Why Does the New Microsoft Bot Hate Drake So Much?
Every time you give Microsoft's new picture recognition bot a photo of Drake, it not only fails to recognise him, it spits it back out with some stone cold shade.
If you’ve been procrastinating at work today – which, lets be honest, between sneakily farting out your lunch and aggressively carouselling between social networks, that's exactly what's been going on – then you’ve probably noticed another completely useless bot doing the rounds online. Microsoft’s Caption Bot (which comes a handful of weeks after their supremely racist tween-speaking Twitter program became a Hitler loving sex robot in less than twenty-four hours) is the latest exercise in a line of experiments wherein the accountants at Microsoft have shoved some cash into a leaf-blower, blindfolded one of their employees, and asked them to fire it toward a new project for no reason other than the fact they have billions of dollars to pleasure themselves with.
This time, the idea is that you upload a photo, and then the bot tries to generate a caption based upon what its algorithm sees. You can then rate how accurate the bot's description is and it learns from the rating, thus creating a better caption next time round.
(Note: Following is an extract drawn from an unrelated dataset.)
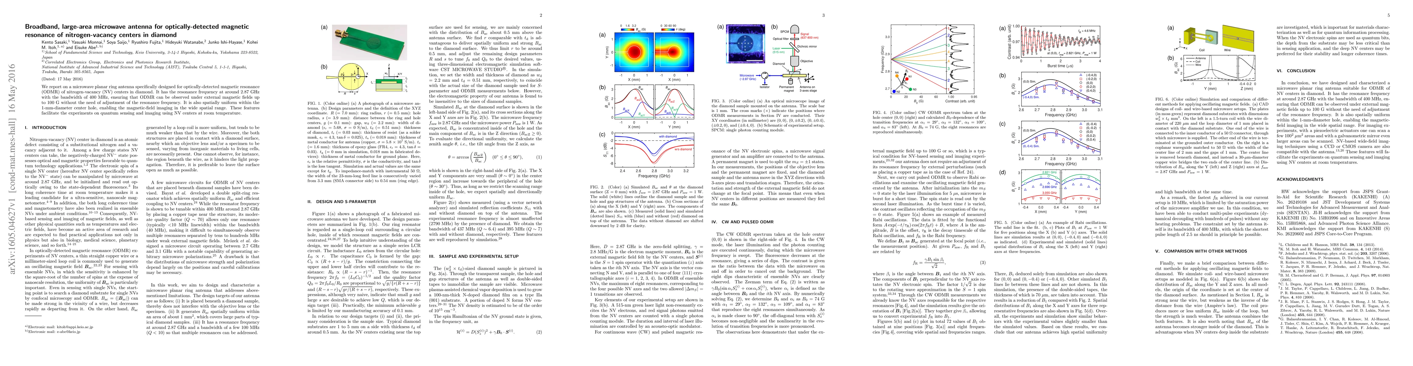 This paper presents a broadband microwave planar ring antenna designed for optically-detected magnetic resonance of nitrogen-vacancy centers in diamond, featuring a resonance frequency of 2.87 GHz and a 400 MHz bandwidth, enabling magnetic-field imaging over a wide spatial range without frequency adjustment.

It's kinda like a benevolent, educational game – the robot receives our talent and knowledge, and in return we've been granted a form of light-entertainment that can help diminish any existential crises we're currently having about AI taking over the world. You send the bot a picture of a baseball player, it responds with this:
So far, the captions are close to semi-accurate. If you put a photo of Kanye West wearing a suit and tie in there, for instance, the response is: “I think it’s Kanye West wearing a suit and tie”. If it’s something more abstract, like the album cover for Radiohead’s OK Computer, the response is less clear, like: “I am not really confident, but I think it’s a group of people riding skis on a train track.” Pretty straight-forward, right?
As fans of popular culture and welcome guinea pigs for new technology, we thought we'd play around with the latest product to crawl from Microsoft's room full of money, to test how effective it is at doing its job. Obviously we started with a picture of Drake, because Drake is the most recognisable and directoried face in 2016. If the bot cannot recognise Drake, then it is a garbage piece of technology.
Okay, so the bot does not recognise Drake, that's clear, but did it just absolutely par him in the process? Who makes a bot in 2016 that recognises Shawn Wayans but is unaware of Drake? This must be a mistake. No piece of technology has ever served up a par so smooth. We tried again.
Right, so it can't recognise Drake's face but it can tell the difference between different video game controllers? Something about this technology reeks. Not in the sense that it's garbage, but in the sense that it feels like it's already sweated it out in the dark corners of the rap internet, where sneak-disses have been thrown toward Drake since the 6 God first fell into the grand sands of time. Or maybe it's a mistake. Three is the lucky number, isn't it? So here you go sweet bot: here's one more image of Drizzy's smooth, contoured face to test what your intentions really are...
Okay. I see you, soon-to-be-sentient technology. I see you. This is a form of shade that's descended from the grand lodge of sneak-dissing.
What the fuck, dude. Did Meek Mill create you? Is this bot Meek Mill? See, by this point it's clear that by mentioning a "cell phone" the bot low-key knows that this is Drake, and the bot low-key wants you to know it knows fine well this is Drake, just to give its military grade pars even greater weight. What makes it even better is how the bot sounds so self-conscious and apologetic while delivering par after par, like its frowning sadly whilst absolutely ruining you in front of your pals. Is this the future? Is this the next Christopher Nolan film? AI that takes over the world by just humiliating us all?
Damn, son. The bot's shade level is so high that it can even operate the disarming shrug, which is a dying art of subtlety in the realm of sneak-dissing. A kinda "Hey, I don't know what you were going for with this artwork, but to me it looks like... hmm... two giraffes in a fenced area, really. But, hey! Maybe that's just me."
Okay, by now it seems pretty clear that Microsoft have created a Drake-hating bot under the guise of a picture caption bot. Dave Attell? First you mistake Drake for Shawn Wayans and now you're just throwing out percentages of any random comedian who also has facial hair? You know what the bot is trying to say here: it's trying to say "I'm not even culturally ignorant, see, I know Dave Attell. But I've never heard of you (bitch)." Dave Attell, by the way, looks like this.
Cold. Ice cold. You killed him, bot. We were only weeks away from Views and you did it. You killed Drake.